# Khorne Berzerkers



## PointyBits (Oct 27, 2011)

All I've done thus far has been scraping the mold lines off of the legs and paint the bases. My first attempt at creating the lava bases didn't go so well:










I wound up ripping the rocks off of the bases, covering them in green stuff and repainting everything.














































This is my first attempt at source light... but I don't think it came out too terribly at all. Anywho, I'll probably glue the legs and begin the assembly tomorrow.


----------



## Medic Marine (Jun 28, 2009)

I find the bases appealingand visually pleaseing. I do not get a "lava" bse feel but I think Mars type scape. I look forward to seeing this progress, I bid you continue.


----------



## Disciple_of_Ezekiel (May 23, 2010)

Im going to have to agree with Medic here, these do look more like a Mars surface terrain, nonetheless, please continue....so far so good mate!

Regards,
DoE


----------



## elmir (Apr 14, 2011)

If you are aiming for the lava effect, you'll have to implement more bright yellow into it, and pure white even. The colours you have gone for don't have enough vibrance in them yet to come across as molten slag.


----------



## Something Yellow (Nov 22, 2009)

No way, I just saw the bases on Tumblr. Small world 

They look pretty sick, have you made sure your dudes can stand on them?


----------



## Khorne's Fist (Jul 18, 2008)

> Total Posts: 4,294,967,295 (63,518,651.85 posts per day)


:shok::shok::shok: You've been busy...


----------



## TheReverend (Dec 2, 2007)

4,294,967,295?!?! man, that is ALOT of posts!!! 

on the subject of teh bases. I like teh painting but I don't really like the shape. That's just me though probably!


----------



## Disciple_of_Ezekiel (May 23, 2010)

Khorne's Fist said:


> Total Posts: 4,294,967,295 (63,518,651.85 posts per day):shok::shok::shok: You've been busy...


LMAO....I dont even think that there is that many seconds in a given day!
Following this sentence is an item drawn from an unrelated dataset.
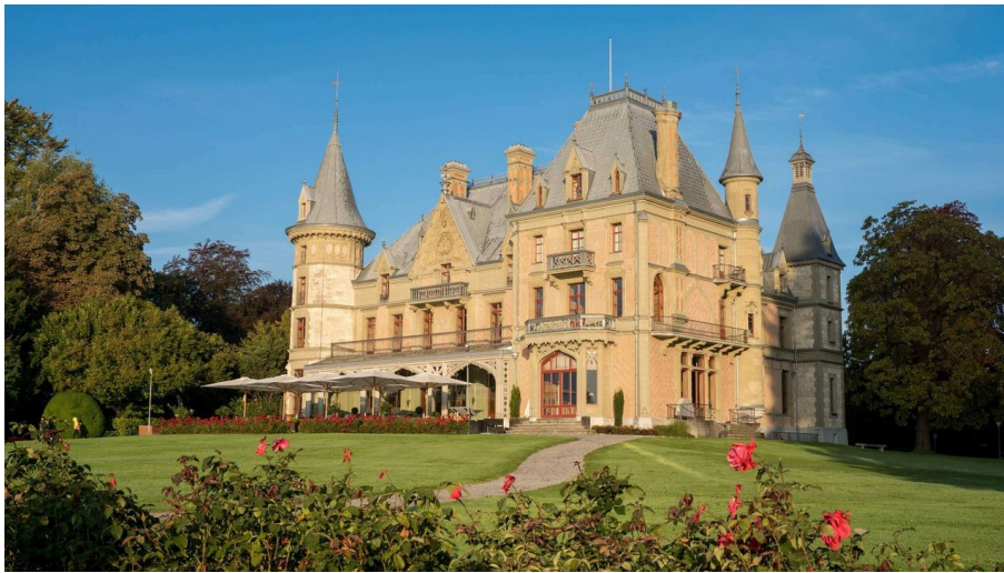
thun-schloss-schadau-sommer-aussenansicht-garten-thunersee-schloesser

Glitch? But funny nonetheless!


----------



## khrone forever (Dec 13, 2010)

DoE ur right, these 86400 seconds in a day. she must have done 751 posts ..........per second! 

anyway looking good 

[EDIT] nothing happened


----------



## Dave T Hobbit (Dec 3, 2009)

The bases look quite like boiling mud to me.



khrone forever said:


> he must have done 751 posts ..........per second!
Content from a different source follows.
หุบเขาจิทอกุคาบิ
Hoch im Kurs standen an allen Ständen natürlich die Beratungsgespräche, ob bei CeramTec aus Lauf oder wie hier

As far as I know Pointy Bitz is female, so this is clearly evidence that women are good at multitasking.


----------



## Karak The Unfaithful (Feb 13, 2011)

Dave T Hobbit said:


> The bases look quite like boiling mud to me.
> 
> 
> 
> As far as I know Pointy Bitz is female, so this is clearly evidence that women are good at multitasking.


This is more than evidence my friend...this is a...revolution!

Anyway, the bases don't look like lava that much but they are still very good to look at.


----------



## PointyBits (Oct 27, 2011)

So, from the responses, I've gathered that I need to add a yellow/white layer of paint to give the bases a little contrast.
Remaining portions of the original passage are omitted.